Standoff as Italy stops male migrants from disembarking rescue ships
Some 35 men remain on the Humanity 1 ship after they were not allowed to disembark
Charities have branded the actions of the Italian government “illegal” after it prevented 250 people disembarking two migrant rescue ships.
There are 215 blocked on the Geo Barents and 35 on Humanity 1.
Children and people with medical issues were allowed to leave the ships in Catania, Sicily, but others were not. Two other rescue boats remain at sea.
The new Italian PM has promised to crack down on migrants travelling across the Mediterranean.
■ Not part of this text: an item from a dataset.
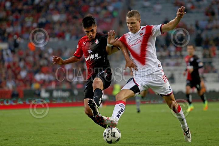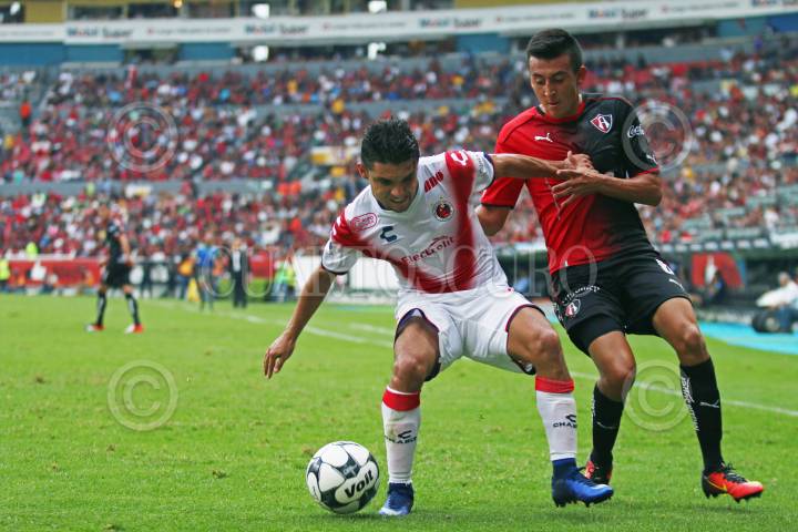 GUADALAJARA, JALISCO, 30JULIO2016.- Daniel Alvarez, jugador de Atlas, disputa un balón a Daniel Villalba de Veracruz en partido correspondiente a la Jornada 3 del Torneo Apertura2016 de la Liga MX, en donde se enfrentan los Zorros del Atlas frente a los Tiburones Rojos de Veracruz, en partido que se juega en el estadio Jalisco. FOTO : FERNANDO CARRANZA GARCIA / CUARTOSCURO.COM

Italy is one of the main entry points into Europe and since the start of the year 85,000 migrants have arrived on boats, according to the UN.
Migrants set sail in small, overcrowded boats from North Africa – often they get into distress and are rescued by charity vessels.
In total 144 people were allowed to disembark the Humanity 1, which sails under a German flag, on Sunday morning. In the afternoon, 357 people were allowed off the Medecins sans Frontieres (MSF)-run Geo Barents, which sails under a Norwegian flag.
Italian Interior Minister Matteo Piantedosi said those who did not qualify as vulnerable would have to leave Italian waters and should be taken care of by the “flag state”.
However, Humanity 1’s captain is refusing to leave the port of Catania “until all survivors rescued from distress at sea have been disembarked”, said SOS Humanity, the German charity that operates it.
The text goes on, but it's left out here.